Required action -> Please take the lines from the one holding "foto menjadi ilustrasi" through the one holding "2.5L engines |" in the data below and copy them exactly.

Provided entries ->
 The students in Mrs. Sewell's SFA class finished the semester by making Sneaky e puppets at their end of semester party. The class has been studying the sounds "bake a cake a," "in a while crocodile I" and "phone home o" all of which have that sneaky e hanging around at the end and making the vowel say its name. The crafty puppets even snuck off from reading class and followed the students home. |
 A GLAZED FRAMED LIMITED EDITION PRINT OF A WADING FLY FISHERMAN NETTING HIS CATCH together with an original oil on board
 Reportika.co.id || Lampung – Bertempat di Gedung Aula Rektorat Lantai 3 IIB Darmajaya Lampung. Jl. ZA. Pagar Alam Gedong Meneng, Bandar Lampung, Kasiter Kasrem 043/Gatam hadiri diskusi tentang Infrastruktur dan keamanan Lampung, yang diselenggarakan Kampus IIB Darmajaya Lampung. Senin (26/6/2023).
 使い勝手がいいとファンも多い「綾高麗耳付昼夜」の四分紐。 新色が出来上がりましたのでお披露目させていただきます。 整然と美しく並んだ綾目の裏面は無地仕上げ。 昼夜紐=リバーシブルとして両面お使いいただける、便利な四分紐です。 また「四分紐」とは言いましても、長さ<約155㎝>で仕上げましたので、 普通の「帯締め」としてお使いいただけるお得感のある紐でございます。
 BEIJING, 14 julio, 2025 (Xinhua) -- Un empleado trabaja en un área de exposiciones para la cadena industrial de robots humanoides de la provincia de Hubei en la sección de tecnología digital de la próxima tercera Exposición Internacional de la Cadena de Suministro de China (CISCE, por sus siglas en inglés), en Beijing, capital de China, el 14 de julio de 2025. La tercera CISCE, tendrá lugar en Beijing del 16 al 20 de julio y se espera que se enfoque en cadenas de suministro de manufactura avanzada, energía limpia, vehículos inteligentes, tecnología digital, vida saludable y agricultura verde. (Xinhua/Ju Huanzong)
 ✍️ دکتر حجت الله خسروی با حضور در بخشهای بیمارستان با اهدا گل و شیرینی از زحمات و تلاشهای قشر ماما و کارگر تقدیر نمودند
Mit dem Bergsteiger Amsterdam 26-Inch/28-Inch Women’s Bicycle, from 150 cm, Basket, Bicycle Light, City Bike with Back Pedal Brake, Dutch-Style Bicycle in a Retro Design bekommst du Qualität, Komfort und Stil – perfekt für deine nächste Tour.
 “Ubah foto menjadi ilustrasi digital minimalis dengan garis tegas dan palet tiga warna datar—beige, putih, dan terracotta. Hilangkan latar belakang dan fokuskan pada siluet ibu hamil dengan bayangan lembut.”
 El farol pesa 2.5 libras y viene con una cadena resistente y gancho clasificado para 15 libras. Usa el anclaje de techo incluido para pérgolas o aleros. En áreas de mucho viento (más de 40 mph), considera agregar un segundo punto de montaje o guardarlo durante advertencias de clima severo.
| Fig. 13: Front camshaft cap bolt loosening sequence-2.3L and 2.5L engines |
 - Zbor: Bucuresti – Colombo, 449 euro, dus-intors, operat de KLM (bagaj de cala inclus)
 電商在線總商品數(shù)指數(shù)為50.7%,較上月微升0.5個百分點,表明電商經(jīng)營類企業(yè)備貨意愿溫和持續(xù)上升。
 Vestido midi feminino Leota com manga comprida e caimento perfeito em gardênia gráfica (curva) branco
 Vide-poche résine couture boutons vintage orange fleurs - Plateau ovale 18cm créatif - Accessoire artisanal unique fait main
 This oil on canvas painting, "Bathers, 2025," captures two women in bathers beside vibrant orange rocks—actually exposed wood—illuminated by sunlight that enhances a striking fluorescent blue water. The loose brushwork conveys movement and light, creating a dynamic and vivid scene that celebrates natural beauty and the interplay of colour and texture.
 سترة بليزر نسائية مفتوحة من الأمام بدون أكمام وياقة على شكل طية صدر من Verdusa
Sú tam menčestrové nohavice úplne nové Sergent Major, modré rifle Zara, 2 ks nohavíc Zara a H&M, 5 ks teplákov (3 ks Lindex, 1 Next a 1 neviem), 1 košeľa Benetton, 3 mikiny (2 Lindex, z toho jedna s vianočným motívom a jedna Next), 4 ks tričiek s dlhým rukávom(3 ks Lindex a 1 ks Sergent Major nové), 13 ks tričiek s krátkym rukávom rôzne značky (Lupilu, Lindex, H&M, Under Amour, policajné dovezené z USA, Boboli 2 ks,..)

Your response ->
 “Ubah foto menjadi ilustrasi digital minimalis dengan garis tegas dan palet tiga warna datar—beige, putih, dan terracotta. Hilangkan latar belakang dan fokuskan pada siluet ibu hamil dengan bayangan lembut.”
 El farol pesa 2.5 libras y viene con una cadena resistente y gancho clasificado para 15 libras. Usa el anclaje de techo incluido para pérgolas o aleros. En áreas de mucho viento (más de 40 mph), considera agregar un segundo punto de montaje o guardarlo durante advertencias de clima severo.
| Fig. 13: Front camshaft cap bolt loosening sequence-2.3L and 2.5L engines |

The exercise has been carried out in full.